Les ONG qui travaillent avec les populations à risques ont demandé que la loi soit amendée pour une plus grande efficacité dans la lutte contre le SIDA. Les travailleurs sociaux des ONG impliqués sur le terrain pourraient faire des dépistages qui seraient ensuite confirmés par le personnel médical. Les choses ont été mises en place, les travailleurs sociaux non médicaux sont formés, il ne manque que la modification du texte de loi. Cette mesure permettrait d’aller à la recherche des 4 000 malades dépistés qui se baladent dans la nature pour les soigner.
La déclaration que Maurice est relativement épargnée par l’épidémie que font tous les ministres de la Santé depuis quinze ans n’est pas un simple slogan pour rassurer?

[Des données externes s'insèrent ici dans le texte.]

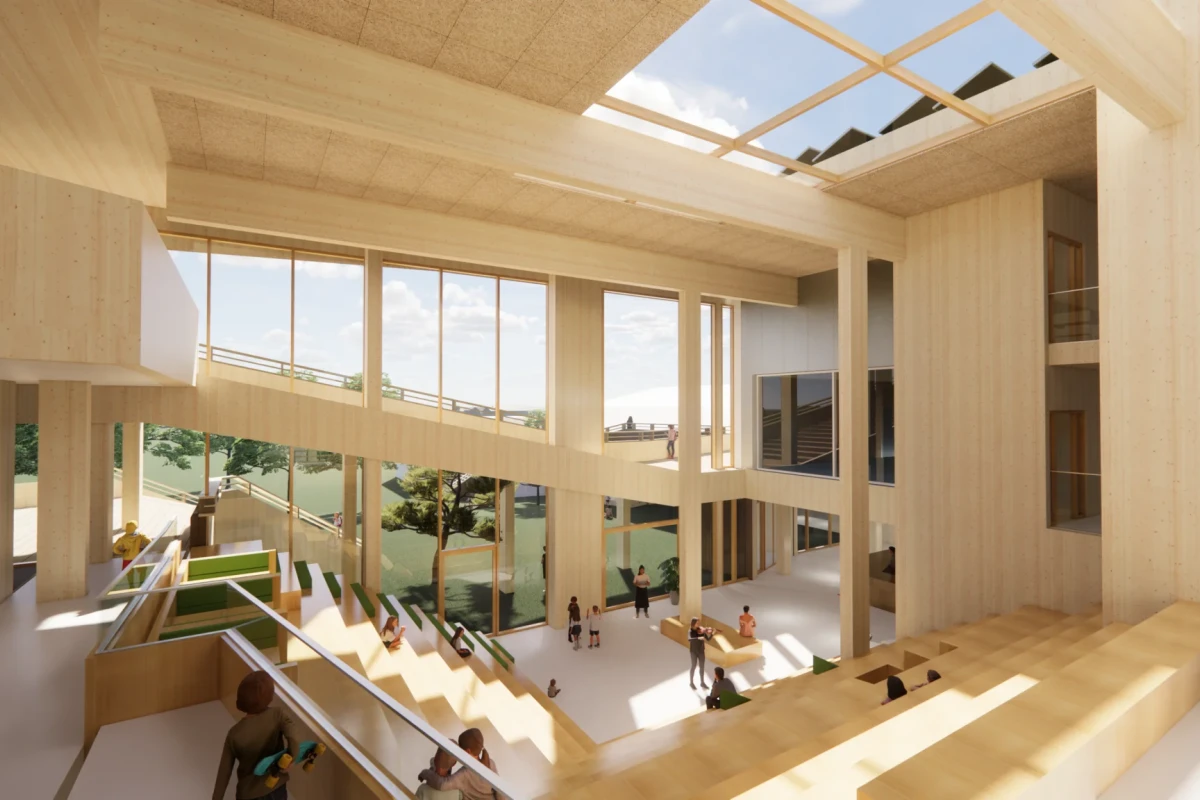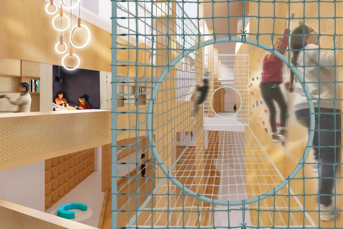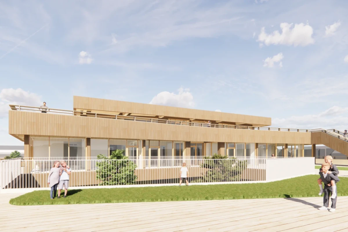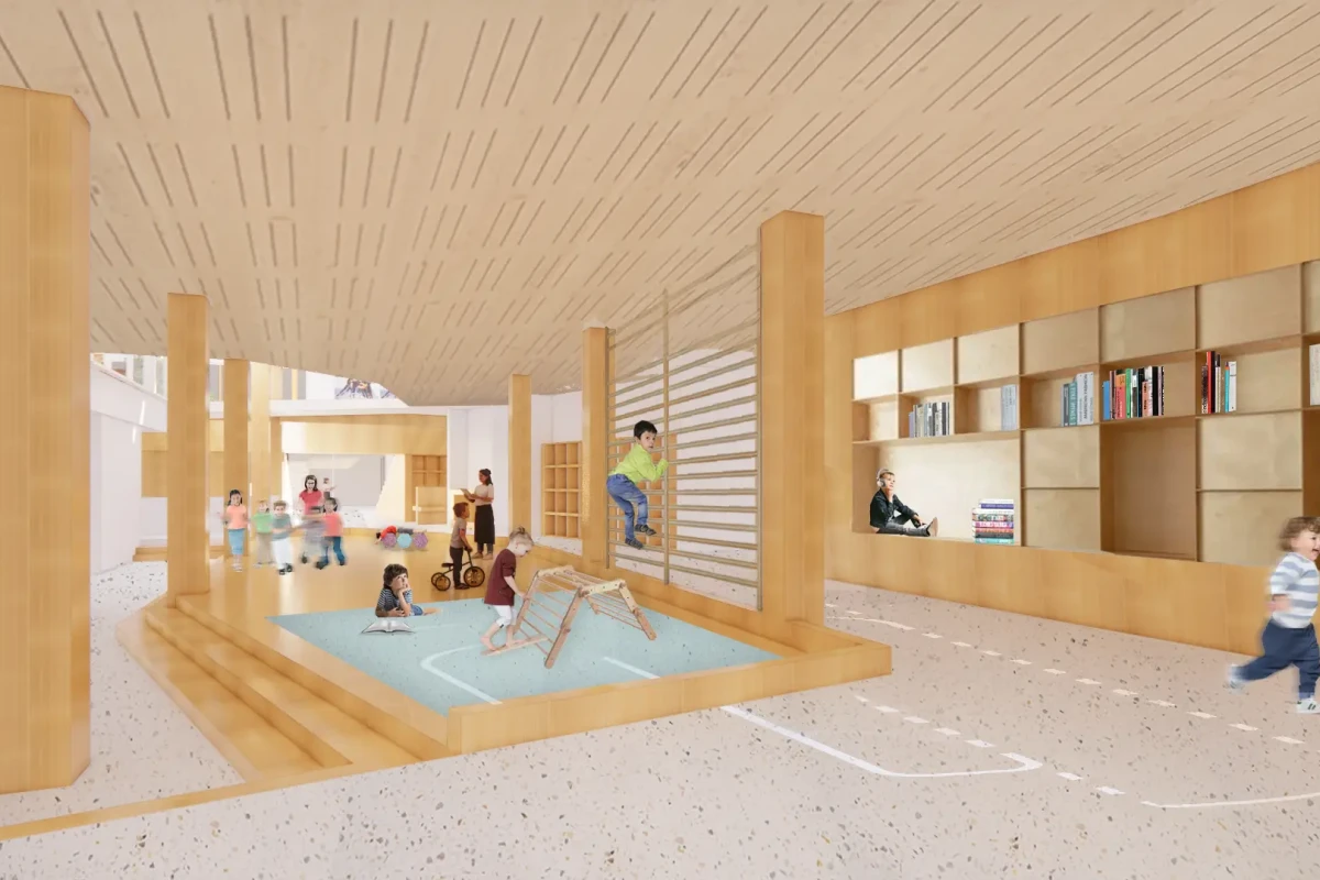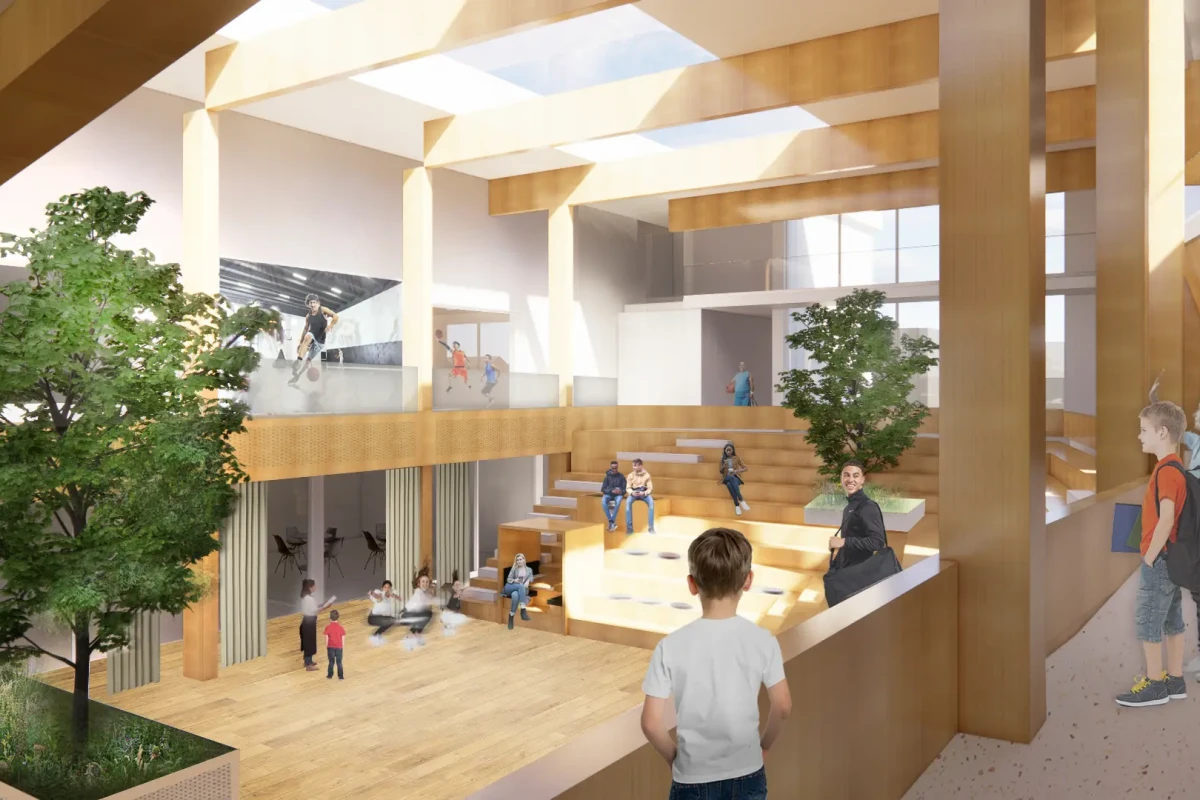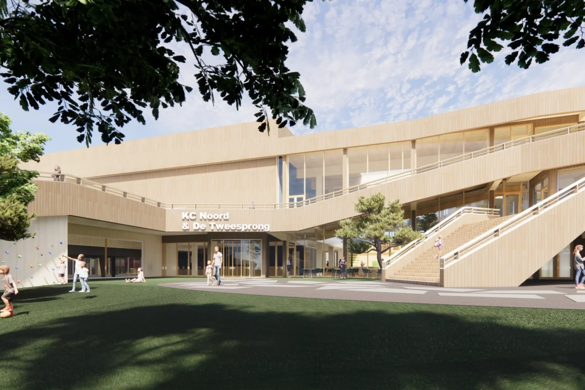 A circular complex with a GFA of 12,000 m2 and houses, among others, a primary school and BSO, a sports hall, a swimming pool and social functions.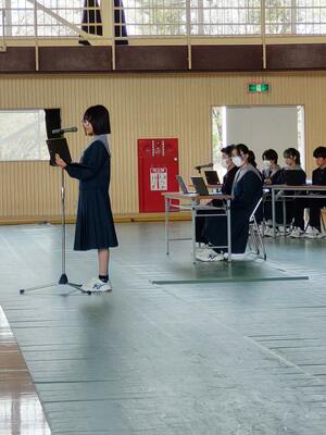 生徒会長の田代さんをはじめ、生徒会役員が中心となって準備してきた生徒総会が行われ、執行部、各委員会、学年委員、各部活動からそれぞれの活動計画や予算が発表されました。より良い学校を目指し、自主的な活動が展開されることでしょう。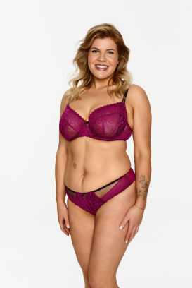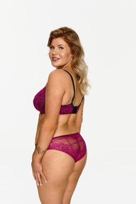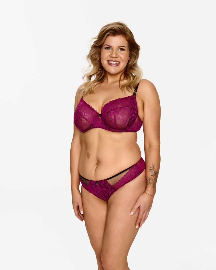 Model stworzony z myślą o kobietach o pełniejszych kształtach. Miękki biustonosz z fiszbinami zapewnia stabilne podtrzymanie nawet większego biustu, jednocześnie gwarantując wygodę i piękny wygląd. Uszyty z koronki w odcieniu ciemnego różu, uzupełniony o czarne akcenty, które dodają charakteru. Komfort i elegancja w najlepszym wydaniu.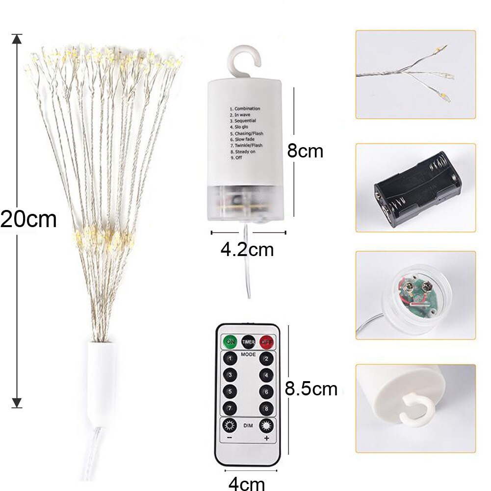 Each "starburst/dandelion head" light display has 198 LED lights simply operated by 4AA batteries controlled by a dimmable remote control.

—  C’est vrai dans l’absolu quand on compare Maurice à des pays d’Afrique ou l’épidémie est exponentielle pour de multiples raisons. Oui, dans la mesure où Maurice a une épidémie très concentrée — avec 10 à 12 000 malades sur une population de 1,2 million. Mais ce sont, je le souligne, des chiffres à prendre avec précaution. Cela précisé, c’est vrai que c’est une épidémie qui serait facile à contrôler. Mais il ne faut pas perdre de vue que si on n’arrive pas à la juguler, notre petite épidémie peut se transformer en une bombe qui va exploser. Je le répète le souhait de PILS serait d’arriver à faire de Maurice le premier pays qui arrive à bout de son épidémie de SIDA. On peut arriver à répertorier tous les séropositifs et faire de sorte qu’ils ne soient plus des contaminants. Scientifiquement, médicalement, on peut le faire. Il faut que tout le monde s’asseye autour de la table, mette la tête ensemble pour mettre au point la bonne stratégie.
Ce souhait peut être réalisé avant la fin de votre mandat comme présidente de PILS en mars de l’année prochaine?
—  Je le voudrais, je le souhaite, mais il faut être réaliste: je doute que ce soit aussi rapide que ça. Ce qui ne veut pas dire qu’il ne faut pas se battre pour que cet objectif soit atteint.